I have a Spark DataFrame that looks like this:
root
|-- employeeName: string (nullable = true)
|-- employeeId: string (nullable = true)
|-- employeeEmail: string (nullable = true)
|-- company: struct (nullable = true)
| |-- companyName: string (nullable = true)
| |-- companyId: string (nullable = true)
| |-- details: struct (nullable = true)
| | |-- founded: string (nullable = true)
| | |-- address: string (nullable = true)
| | |-- industry: string (nullable = true)
What I want to do is group by companyId and get an array of employees per company, like this:
root
|-- company: struct (nullable = true)
| |-- companyName: string (nullable = true)

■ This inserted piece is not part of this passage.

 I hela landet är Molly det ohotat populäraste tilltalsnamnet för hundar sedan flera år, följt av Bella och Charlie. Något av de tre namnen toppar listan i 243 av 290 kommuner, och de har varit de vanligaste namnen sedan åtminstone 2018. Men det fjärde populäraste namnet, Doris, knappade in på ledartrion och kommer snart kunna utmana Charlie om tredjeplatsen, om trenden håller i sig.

| |-- companyId: string (nullable = true)
| |-- details: struct (nullable = true)
| | |-- founded: string (nullable = true)
| | |-- address: string (nullable = true)

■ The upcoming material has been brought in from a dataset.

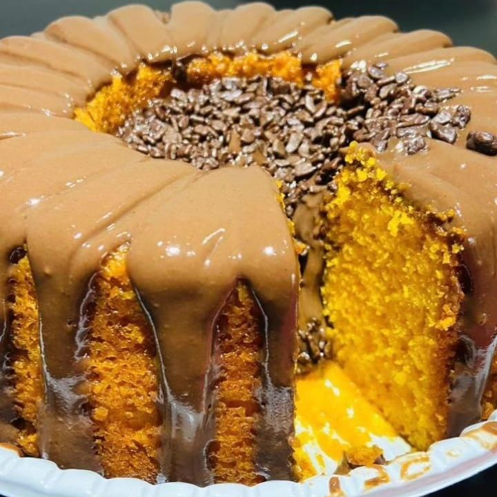 Descubra o verdadeiro sabor do Melhor Bolo de Cenoura da sua vida! Preparado com cenouras frescas e selecionadas. Cuidadosamente raladas à mão que garantem uma textura macia e úmida que se desfaz na boca. No centro deste bolo, você encontrará uma surpresa irresistível! O recheio luxuoso e cremoso de brigadeiro gourmet Belga, que se espalha ao cortar a primeira fatia. Excepcionalmente saboroso! Uma explosão de sabores que fará seu paladar entrar em erupção de felicidade. Tamanho 19 cm - Aproximadamente 900 Gramas De Puro Sabor.

| | |-- industry: string (nullable = true)
|-- employees: array (nullable = true)
| |-- employee: struct (nullable = true)
| | |-- employeeName: string (nullable = true)
| | |-- employeeId: string (nullable = true)
| | |-- employeeEmail: string (nullable = true)
Of course, I can easily do that if I just had a pair of (company, employee): (String, String) using map and reduceByKey. But with all the different nested information, I'm not sure what approach to take.
Should I try to flatten everything? Any example to do similar things would be very helpful.